Monday Morning Outlook: Short-Term Pain Could Give Way to Long-Term Gains
By Ryan Detrick



As we head deeper into the disreputable month of May, the short-term outlook has become increasingly cloudy. All-too-familiar anxieties about the Greek financial crisis rattled markets last week, and small- and mid-cap stocks seem to be retreating from their critical leadership role. Senior Technical Strategist Ryan Detrick doesn't think bulls should throw in the towel just yet, but he's definitely seeing more bearish opportunities. In fact, seasonal trends point to a trying time for the market in the weeks ahead. Senior Quantitative Analyst Rocky White offers an equally sobering short-term analysis, even as he explains why 2011 is already on pace to be a banner year for the S&P 500 Index. Finally, we wrap up with a look at the expiration week ahead, as well as a few sectors of note.

Notes from the Trading Desk: Opportunities Emerge for Both Bulls and Bears
By Ryan Detrick, Senior Technical Strategist

Todd Salamone is out this week, down at the Options Industry Conference in Savannah, so I'll be filling in.

As we've been noting for several weeks now, one key to the overall trend could be the performance of the small- and mid-cap names. With the Russell 2000 Index (RUT - 835.67) sitting just below resistance at 850, and the S&P MidCap 400 Index (MID - 993.92) trading south of resistance at 1,000, a clear breakout above these levels is probably needed to drive another thrust higher for the overall market. By the end of last week, though, both indexes once again backed down from these psychologically significant technical levels.










The bulls still have a chance, though, as the S&P 500 Index (SPX - 1,337.77) continues to find support above the 1,333 level -- which marks a double of its March 2009 lows -- and near the neckline of its continuation "head and shoulders" pattern. The one concern we have about this bullish technical pattern is that the media picked up on it. As I noted way back in July 2009, these patterns can result in very positive resolutions. We'd just prefer, from a contrarian perspective, that they fly under the radar.






Let's talk about seasonality. We all know the old saying "Sell in May and go away," but does it ring true? As it turns out, May isn't so bad after all. As you can see, the much-maligned month has held its own over the past five- and ten-year time frames. In fact, before last year's "flash crash"-related 8% pullback, May was actually one of the better-performing months for the SPX. Perhaps even more relevant, June is hands-down the worst month over both of these time frames. We aren't quite there yet, but this seasonally weak period is just over the horizon.

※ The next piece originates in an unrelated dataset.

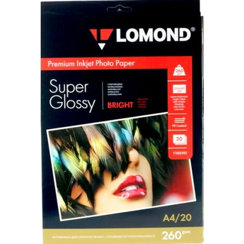 фотобумага, суперглянцевое покрытие, формат: A4, 260 г/м2, количество листов: 20 шт.

Speaking of selling in May and going away, the week ahead is options expiration week. Over the past two years, May expirations have been rather weak. Now, over the past 10 years, this week is still positive, but the recent softness is still worth noting. From a trader's point of view, what really stands out is the volatility -- whether up or down -- during May expiration in recent years.






OK, enough about seasonality and technicals. First-quarter earnings season is very close to wrapping up, and on balance, it was another solid quarter. Think about this: When Alcoa (AA) kicked off earnings season, consensus expectations were calling for 13% year-over-year earnings growth for S&P 500 stocks. Now that the majority of companies have topped expectations, that number has since been upwardly revised to 18% growth, according to Thomson Reuters. That is quite the beat versus expectations.

In fact, at the start of the year, overall S&P 500 earnings were expected to be $93 per share, with the most bullish economist looking for $100. As of this week, the average prognosticator is now looking for $103 per share -- which would represent a new record for earnings. I know we keep hearing all the reasons why the economy is still on shaky ground, but I continue to see more positives than negatives. These record earnings are a big plus.

Given that commodities have sold off during the past couple of weeks, the overall market has held up rather well. Nonetheless, we are seeing some signs of worry creeping back into the picture. In fact, the American Association of Individual Investors (AAII) poll showed more bears than bulls for the first time since the mid-March lows. Not to be outdone, the Investment Company Institute (ICI) reported more than $2 billion was pulled out of domestic mutual funds last week -- again, the highest since that March bottom. Finally, a recent Bloomberg survey also pointed to growing worry, as less than half of those surveyed expect the SPX to rise over the next six months. Back in January, almost two-thirds of respondents expected higher prices. Overall, it seems that fear is increasing, which is always a good sign for contrarians.

And it now appears that hedge funds are once again in accumulation mode. One indicator that Todd has been following closely is the combined 20-day buy-to-open put/call ratio on the SPDR S&P 500 ETF Trust (SPY), iShares Russell 2000 Index (IWM), and PowerShares QQQ Trust (QQQ). The ratio is currently ticking higher, which regular readers know is often a sign that hedge fund managers are accumulating equities, and buying put options on these broad-based ETFs to hedge their long positions. We'll continue to monitor this important indicator during the weeks ahead.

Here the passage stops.